His painting demo begins. 



The demo continues. "I can be down and out," he says, "feeling bad that morning. But if I can make it out to where I paint, everything picks up ... and makes me feel real good."


“Carrying them around, paintings would get scarred and I had to fix them. By me being the salesmen, I'm walking around watching the colors that they mix, and I can mix that color, and I would fix them. And so after I learned how to fix some of the stuff, I started to paint myself.” (He learned to paint partly from repairing damaged works that had been loaded into his car while still wet.)


Question: do you paint real scenes or from memory? 
Answer: “I been there, I don’t have to go there no more.”



Question: Do you always have water in your paintings? 
Answer: “Water sells


Question: How do you know when a painting is finished? 
Answer: “When it looks pretty good, I know when to stop.”


Black considers the work  finished because it’s been sold to a member of the audience.


Black’s demo painting

The three birds he places in his landscape signifies the Trinity. It is a sure way to identify Al Black’s paintings. On occasion, he will paint a fourth white bird lagging behind. That bird, he said, is him.


The demo painting close-up


Black is a salesman

“Al Black is still a salesman who could snatch you breath away and sell it back to you.” Highway woman artist Mary Ann Carroll describes him this way. “He would sell a mosquito a jacket in the summertime. The only paintings he didn't sell was the ones you didn't give him.”

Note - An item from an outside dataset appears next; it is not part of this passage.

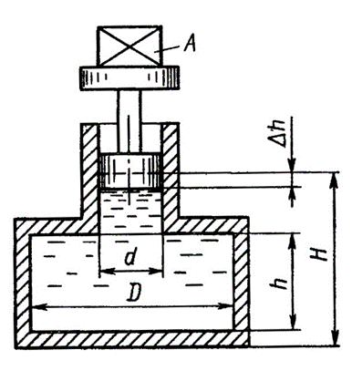 Главная » Учебные материалы » Механика жидкости и газа (МЖГ или Гидравлика) » Решения задач » ИрГАУ » Несколько классов/семестров » Номер 15 » Для определения модуля объемной упругости жидкости Еж используется установка. Резервуар диаметром D = 300 мм, высотой h = 1,3 м и присоединен-ный к нему гидроцилиндр диаметром d = 80 мм заполнены испытываемой жидкостью так, что начальная высота полож
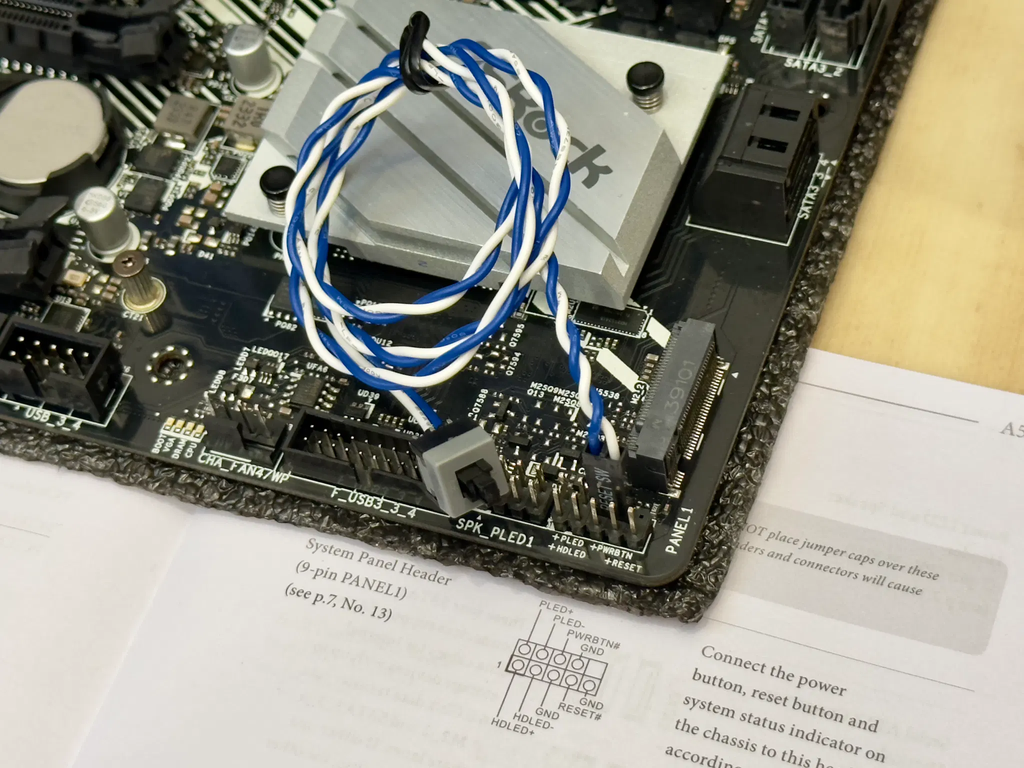 最後に忘れちゃいけない電源スイッチの取り付け。とりあえずPCケース無しで動かしたいので、こういう時に役に立つのがデバッグ用の電源スイッチ。念のために説明書を対照してピンのアサインを確認しつつ、適切な箇所にコネクタをブスリ。200〜300円くらいで買えるので持っておくと何かと便利。

Black now makes use of modern technology when selling his artwork.


Black’s assistant helps with the sales of his artwork.

 Now the paintings are sought after, some fetching prices of between $3,000 and $4,800 each from an online art dealer who sells Florida Highwaymen works.


After the demo, interested audience members gather around Al Black.


The Highwaymen works of art on display 

The works are  classified as “Outsider Art,”  or "Folk Art. They honed techniques to rapidly produce their paintings and developed strategies to sell and market their artwork outside of the formal world of art galleries and exhibitions . 

The Highwaymen were rediscovered in the mid-1990s and today are recognized as an important part of Florida culture and history. Al Black, and the other 25 artists known as The Highwaymen (18 of whom are still alive), were inducted into the Florida Artists Hall of Fame in 2004.  Black is back in Fort Pierce, painting in the old Highwaymen style: outdoors, several canvasses at a time. He paints traditional Highwaymen subject matter: rivers, beaches, waves, sunsets, and varying kinds of foliage. And how does he know when a painting is finished? In his own words, “A painting isn’t finished until it’s sold.“  Now people come to him to buy artworks and he sells with the same smooth talking finesse and enthusiasm that he has always used. Al is proud to report that he has been drug free since his early days in prison. 

It has been said about Al Black: “His ability to charm a prospective customer or journalist, even while you know you may be hearing exaggerations (or maybe lies), is what marks his personality.”  In his presentation at the Alliance, Al told his life story truthfully, without glossing over the demeaning parts, but he’s a storyteller and there’s something about his manner of speaking that draws in his audience completely, and we in the audience at the Alliance that morning were no exception.